The line containing "Łazienka urządzona w" and every line after it, through the end of the records below, are to be reproduced exactly, with the pictures left out.
----- Supplied entries -----
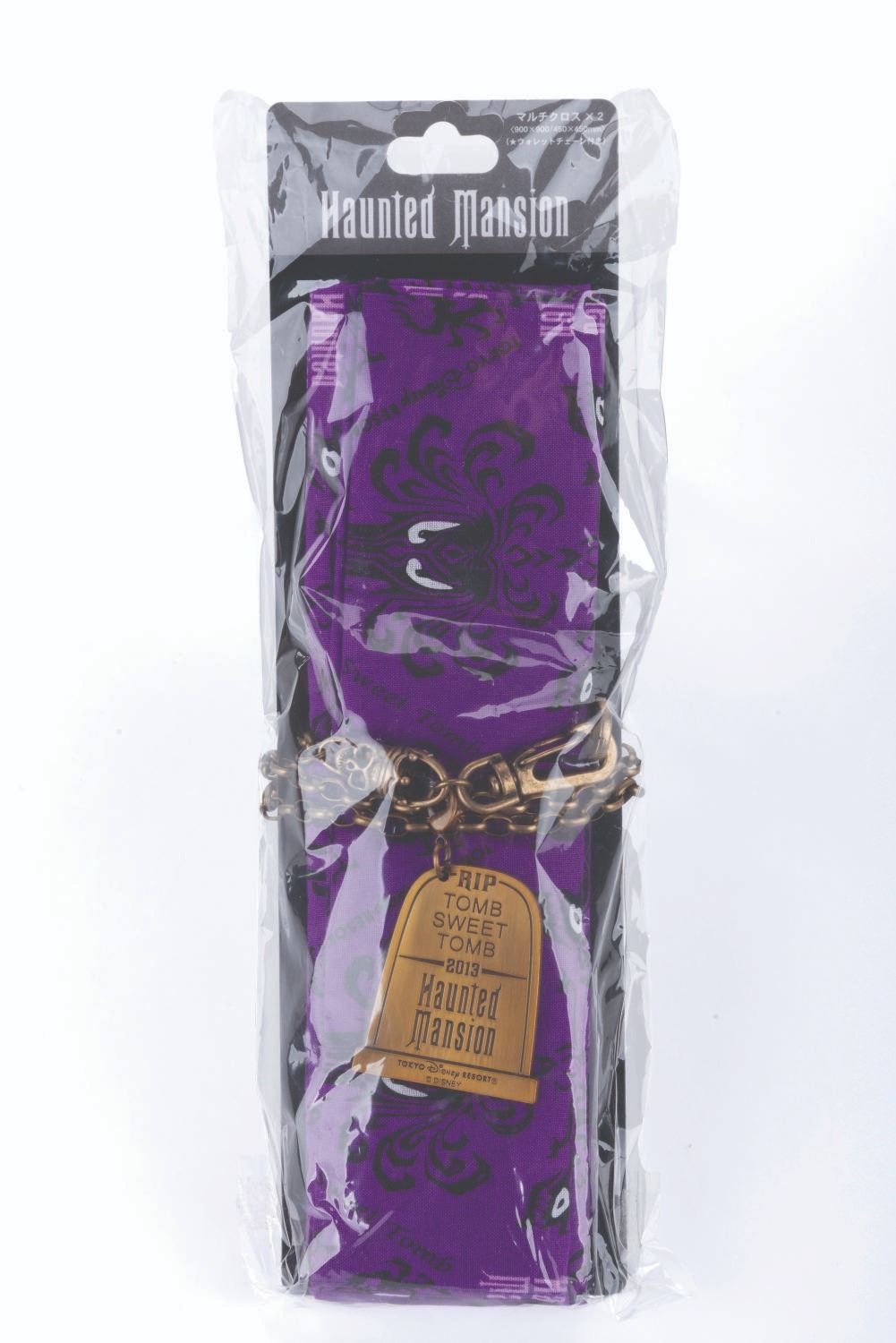 (Tokyo Disney) A Tokyo Disney Haunted Mansion Pocket Square & Chain. The pocket square features a Haunted Mansion wallpaper pattern while the chain is accented by a skull and Haunted Mansion “Tomb Sweet Tomb” fob. The pieces are in fine condition on their original card.
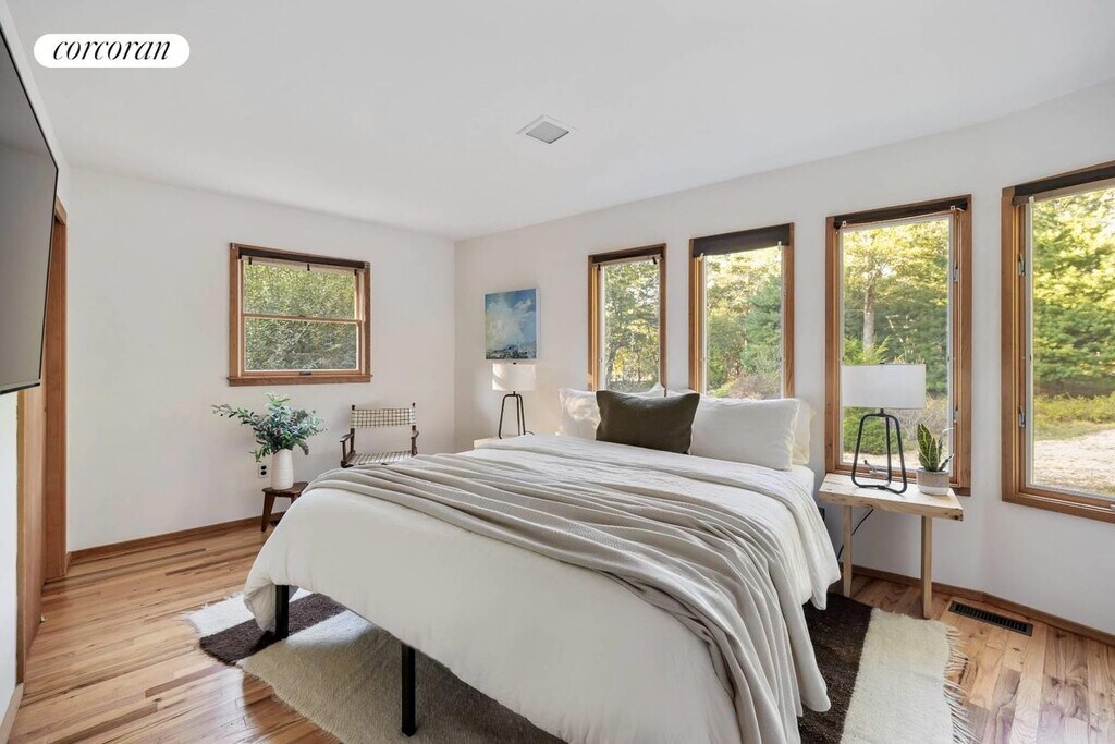 Located just 2 blocks from Sammy's Beach, in East Hampton, unwind at this stunning original Mid-Century home. This freshly renovated two story, three bedroom, two bath house was built with oak floors, cedar clad walls and ceiling, and antique details for a luxurious yet charming feel. It features a double height living area with floor to ceiling windows, wood burning stove, and integrated fully equipped kitchen and dining areas. Sliding glass doors lead to the expansive wraparound deck with Barbecue, dining and lounge areas, outdoor shower, and the large yard with seating and a firepit. The bedrooms are generously proportioned with 2 king and 1 queen beds, and upstairs there is a dedicated office and work out area with its own walkout balcony. Though quiet and elegant in nature, the home is modern where it counts. It features two large flatscreen TVs, 1 GB wi-fi and unlimited music and sound capabilities in every room. Enjoy long days on the beach, paddle board or kayak in Three Mile Harbor, or hikes through the nearby 116 acre Sammys Beach Nature preserve. Conveniently located 2 blocks from Sammys Beach, 7 minutes to East Hampton Village and only 10 minutes from Sag Harbor, the home is a true East End escape. [[Rental Registration # 25-1082]]
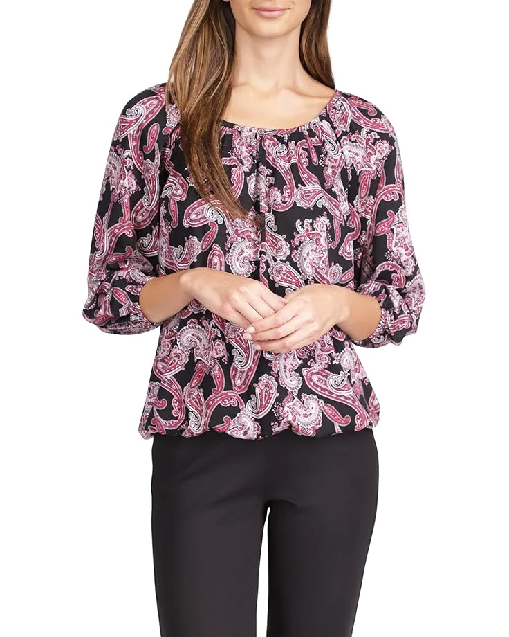 The primary materials that compose this product contain a minimum of 20 percent organic content.SKU: #9866519Add that missing charm to your basic everyday look wearing the MICHAEL Michael Kors® Petite Paisley Peasant Top.Regular fit.Wide, rounded neckline.Three-quarter sleeves with elasticized cuffs.Allover bold and beautiful paisley print.Pullover style.58% organic cotton, 38% viscose, 4% elastane.Machine wash cold, dry flat.Imported.
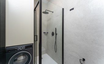 Łazienka urządzona w nowoczesnym stylu z prysznicem i wysokiej jakości armaturą.
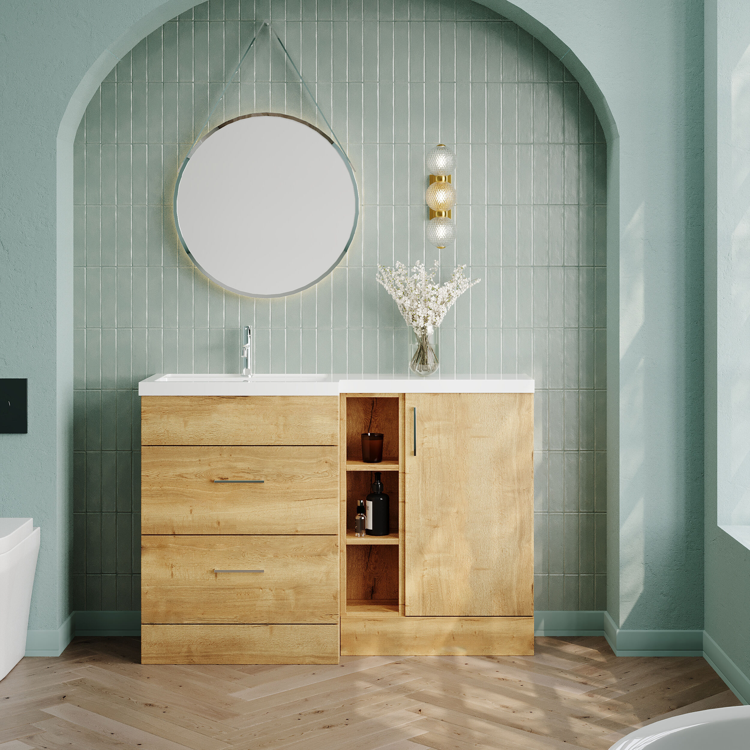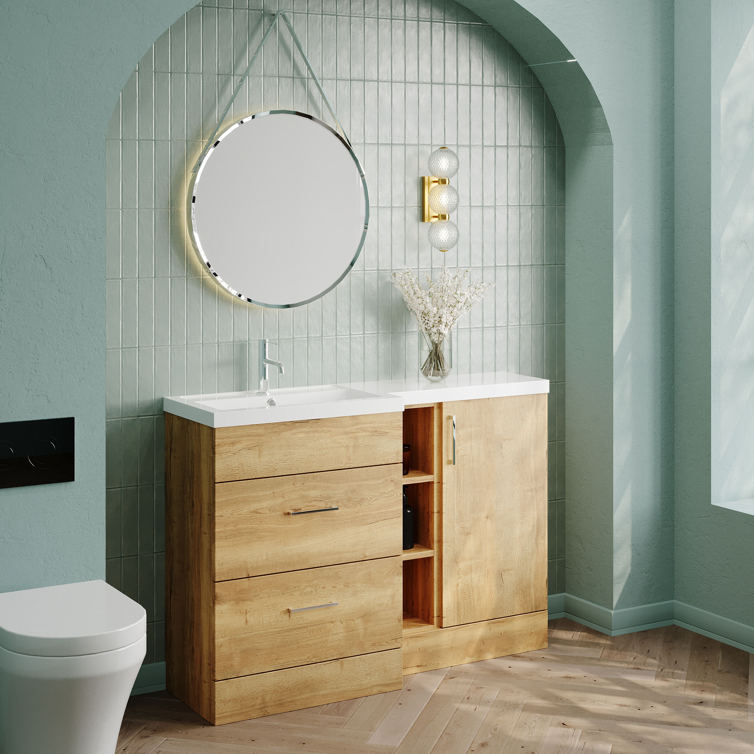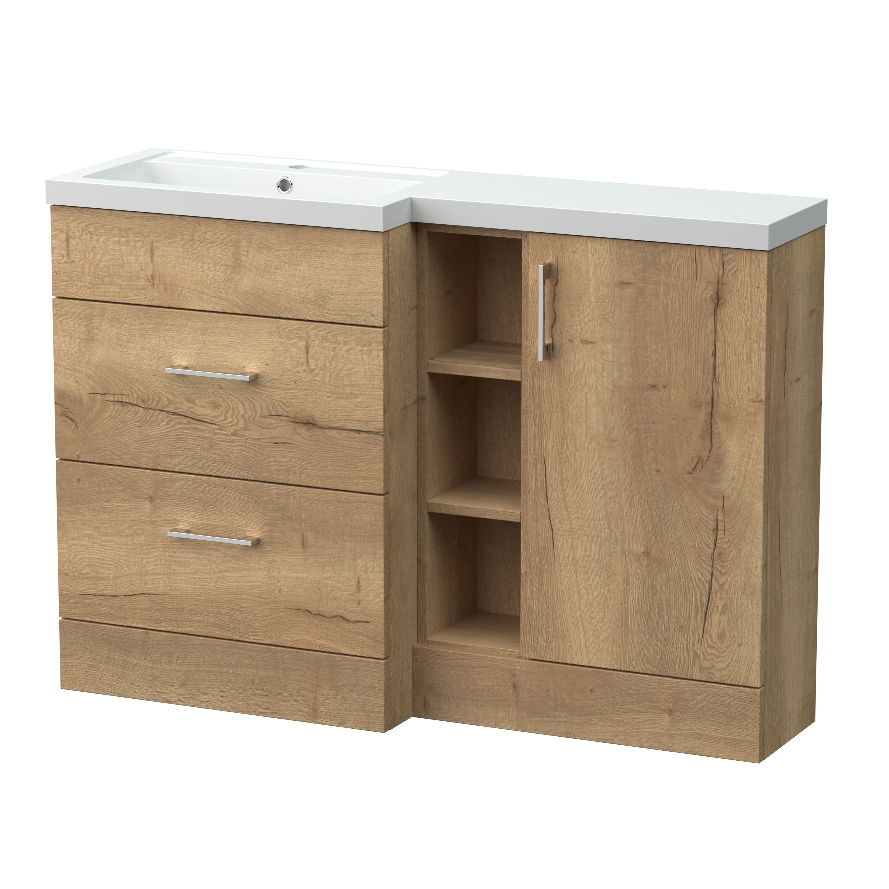 Nuie Lux Krest 1200mm Full Depth Combination Unit & Basin - Left Hand - Autumn Oak
-----
=== Result for this exercise ===
 Łazienka urządzona w nowoczesnym stylu z prysznicem i wysokiej jakości armaturą.
 Nuie Lux Krest 1200mm Full Depth Combination Unit & Basin - Left Hand - Autumn Oak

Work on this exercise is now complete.